С помощью тихого Жени классовая борьба достигла уже совершенно мартеновского накала. Как-то сам собой осуществился Машенькин проект, и в седьмом «Б», безусловно, не осталось никого, кому бы не было плохо!
После уроков в класс вбежала Ариадна Николаевна и, остановившись в дверях, вдруг спросила очень тихо и устало:
— Ну что, люди? Хорошо вам?
Никто ничего не ответил.
— Так что же делать? — спросила Адочка еще тише.
— Не знаем, — сказал Коля.
— И я не знаю, — сказала Адочка почти шепотом и почти заплакала. (Не могу объяснить, что значит «почти заплакала», но это точно.)
— Я знаю, — сказал вдруг Лева, и голос его прогремел как гром. — Придется сесть, как сидели.
И партия махерваксовцев со вздохом облегчения ликвидировалась. Фонаревцы проявили великодушие и не стали ликовать по поводу самоубийственной речи неприятельского вождя. Только Ряша что-то такое пискнул, мол, наша взяла, но незамедлительно схлопотал по шее от справедливого Гены.
И сразу настало мирное время. И Сашка как ни в чем не бывало достал свой марочный альбом.

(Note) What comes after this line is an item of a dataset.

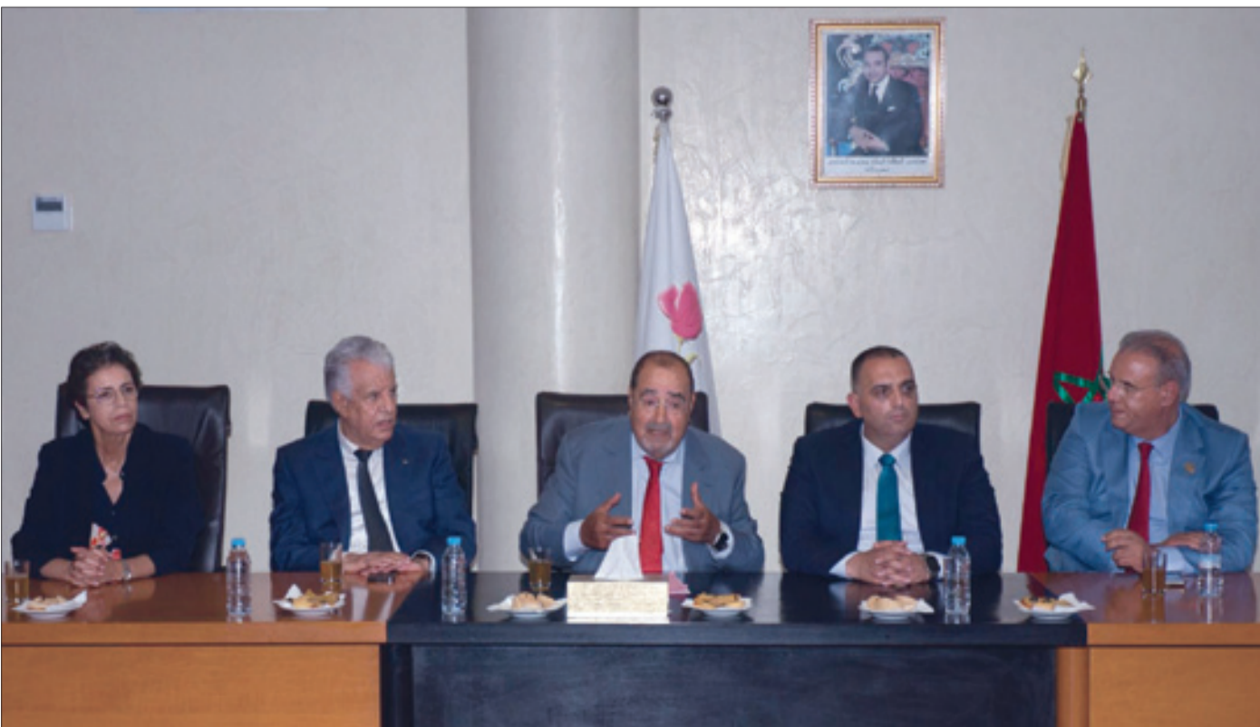
محمد سالم الشراقوي، وزير شؤون القدس، الأخ إدريس لشكر، السفير الفلسطيني والأخت فتيحة سداس

«شخصيا أشعر بثقل أي قرار تتخذه القيادة الفلسطينية، وما يرافقه من حوار وتفكير، الشيء الذي يجعلنا نحن كإسار نقدر الأشياء تقديرا مختلفا، أي على نحو أكثر واقعية»

И председатели двух елочных комиссий ринулись друг к другу, как родные братья после двадцатилетней разлуки. И бывшие Левины единомышленницы кинулись рисовать вытачки и рюшечки, лихорадочно наверстывая упущенное в период ковбоек и лыжных штанов. И Кипушкина официально подошла к Гене и попросила данные о том, сколько ребят в классе работает над собой.
— Шестнадцать, — ответил Гена.
— Это много.
— Ну тогда десять, — сказал Гена, чтобы поскорее отвязаться.
— Десять, пожалуй, — важно сказала Кира. — Только не десять, а девять — гладкие цифры хуже…
А Юра Фонарев подошел к Леве, положил ему руку на плечо и сказал, что вчера по радио объявили: следующее солнечное затмение в нашем городе будет 12 ноября 1996 года. И оно будет недолго, всего только две минуты.
— Надо не прозевать, — озабоченно ответил Лева.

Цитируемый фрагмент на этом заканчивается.